GARDEN TERRACE ALZHEIMER'S CENTER OF EXCELLENCE has a staff turnover rate of 46%, which is about average for Texas nursing homes (state average: 46%). Moderate turnover is common in nursing homes, but families should still ask about staff tenure and how the facility maintains care continuity when employees leave.

Was Garden Terrace Alzheimer'S Center Of Excellence Ever Fined?

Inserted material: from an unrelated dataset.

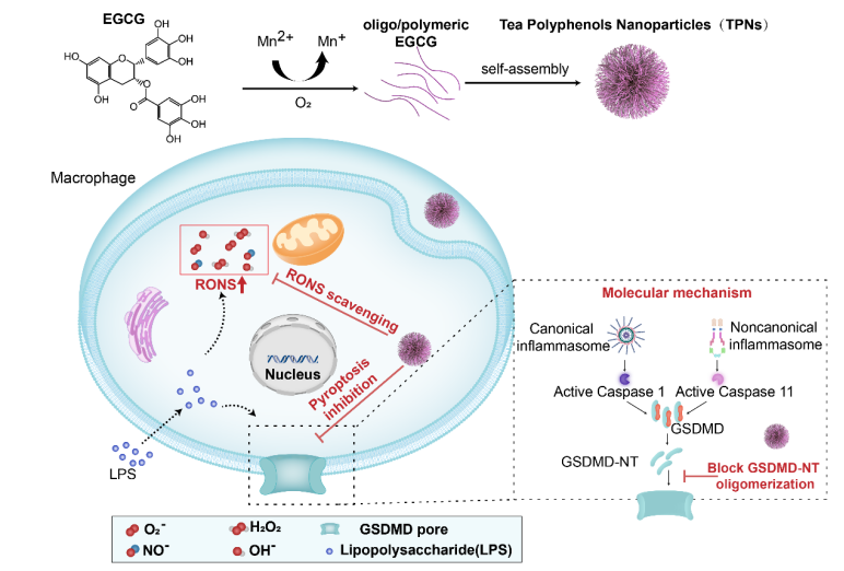 近日,伟德中国官网入口周文虎教授与湘雅三医院吕奔-赵锴教授团队合作,在纳米材料学领域权威期刊《ACS Nano》(IF=15.881, NI指数期刊)上发表了题为“Intrinsic Radical Species Scavenging Activities of Tea Polyphenols Nanoparticles Blocks Pyroptosis in Endotoxin-Induced Sepsis”的最新原创性研究成果。该研究利用金属离子催化下的表没食子儿茶素没食子酸酯(Epigallocatechin gallate, EGCG)氧化自聚,构建一种新型多功能纳米材料。该纳米材料可通过清除活性氮氧自由基和抗细胞焦亡两条途径,实现对脓毒症的治疗。

GARDEN TERRACE ALZHEIMER'S CENTER OF EXCELLENCE has been fined $34,405 across 1 penalty action. The Texas average is $33,423. While any fine indicates a compliance issue, fines under $50,000 are relatively common and typically reflect isolated problems that were subsequently corrected. Families should ask what specific issues led to these fines and confirm they've been resolved.

Is Garden Terrace Alzheimer'S Center Of Excellence on Any Federal Watch List?

GARDEN TERRACE ALZHEIMER'S CENTER OF EXCELLENCE is not on any federal watch list. The most significant is the Special Focus Facility (SFF) program, which identifies the bottom 1% of nursing homes nationally based on persistent, serious quality problems. Not being on this list means the facility has avoided the pattern of deficiencies that triggers enhanced federal oversight. This is a positive indicator, though families should still review the facility's inspection history directly.